▶ **Task**
Please transcribe the data that follows exactly as given, leaving out every picture.

*** Stored data Section Begins ***

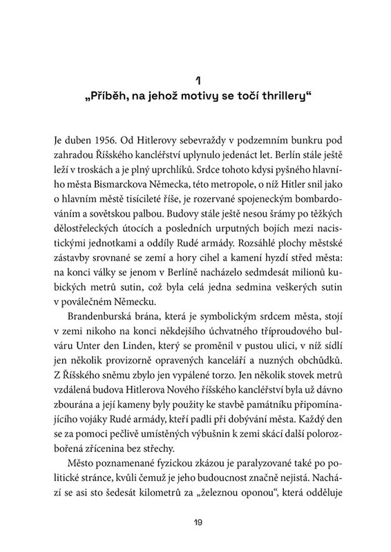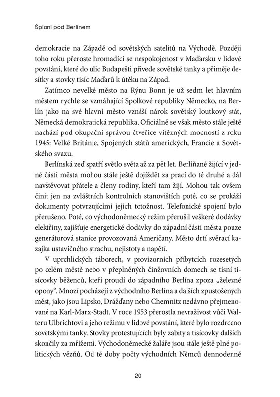 Avšak to ještě netušili, že se v britských tajných službách skrývá sovětský špion, který plány na vyhloubení tunelu vyzradil KGB ještě před jeho vybudováním... Špioni pod Berlínem vám představí nejen hlavní aktéry berlínské špionážní akce, ale i tehdejší napjaté geopolitické prostředí. Kniha čerpá z rozhovorů s očitými svědky a z celé řady odtajněných historických pramenů. Kniha mimo jiné hledá odpovědi na otázku: Proč KGB neinformovala o tunelu Rudou armádu? Stála za tím snad rivalita mezi tajnými službami? Nebo byl britský špion tak cenný, že KGB raději obětovala tajemství Rudé armády, než aby ho ohrozila?
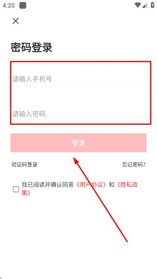 3、在密码登录页面填写手机号和密码,勾选协议后,点击登录完成账号登录操作。
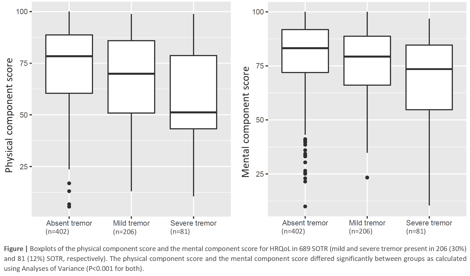 Results: We included 689 SOTR (39% female, mean [±SD] age 58 [±14] years), including kidney (n=395, 57.3%), liver (n=168, 24.4%), lung (n=95, 13.8%), and heart (n=29, 4.2%) transplant recipients at median 3 [range 1-9] years after transplantation. In total, 206 SOTR (30%) reported mild tremor and 81 (12%) reported severe tremor, with highest tremor prevalence among lung and heart transplant recipients. Multinomial logistic regression analyses showed that whole blood tacrolimus trough level was a determinant of tremor, independent of age, sex, and transplant type (OR per µg/L increase: 1.10, 95% CI: 1.00 to 1.21 for mild tremor and 1.14, 95% CI: 1.01 to 1.28 for severe tremor, P=0.045LRT ). Patients with either mild or severe tremor had significantly lower physical and mental HRQoL (P<0.001ANOVA for both, Figure). Furthermore, in linear regression analyses, severe tremor was strongly associated with lower physical and mental HRQoL (b -15.48, 95% CI: -21.07 to -9.89, p<0.001 and b -12.23, 95% CI: -17.26 to -7.19, p<0.001; resp.), independent of age, sex, type of transplantation, time after transplantation, polypharmacy, diabetes, anaemia, estimated glomerular filtration rate, use of tacrolimus, and use of cyclosporine.

*** Stored data Section Ends ***

▶ **Exercise answer**
 Avšak to ještě netušili, že se v britských tajných službách skrývá sovětský špion, který plány na vyhloubení tunelu vyzradil KGB ještě před jeho vybudováním... Špioni pod Berlínem vám představí nejen hlavní aktéry berlínské špionážní akce, ale i tehdejší napjaté geopolitické prostředí. Kniha čerpá z rozhovorů s očitými svědky a z celé řady odtajněných historických pramenů. Kniha mimo jiné hledá odpovědi na otázku: Proč KGB neinformovala o tunelu Rudou armádu? Stála za tím snad rivalita mezi tajnými službami? Nebo byl britský špion tak cenný, že KGB raději obětovala tajemství Rudé armády, než aby ho ohrozila?
 3、在密码登录页面填写手机号和密码,勾选协议后,点击登录完成账号登录操作。
 Results: We included 689 SOTR (39% female, mean [±SD] age 58 [±14] years), including kidney (n=395, 57.3%), liver (n=168, 24.4%), lung (n=95, 13.8%), and heart (n=29, 4.2%) transplant recipients at median 3 [range 1-9] years after transplantation. In total, 206 SOTR (30%) reported mild tremor and 81 (12%) reported severe tremor, with highest tremor prevalence among lung and heart transplant recipients. Multinomial logistic regression analyses showed that whole blood tacrolimus trough level was a determinant of tremor, independent of age, sex, and transplant type (OR per µg/L increase: 1.10, 95% CI: 1.00 to 1.21 for mild tremor and 1.14, 95% CI: 1.01 to 1.28 for severe tremor, P=0.045LRT ). Patients with either mild or severe tremor had significantly lower physical and mental HRQoL (P<0.001ANOVA for both, Figure). Furthermore, in linear regression analyses, severe tremor was strongly associated with lower physical and mental HRQoL (b -15.48, 95% CI: -21.07 to -9.89, p<0.001 and b -12.23, 95% CI: -17.26 to -7.19, p<0.001; resp.), independent of age, sex, type of transplantation, time after transplantation, polypharmacy, diabetes, anaemia, estimated glomerular filtration rate, use of tacrolimus, and use of cyclosporine.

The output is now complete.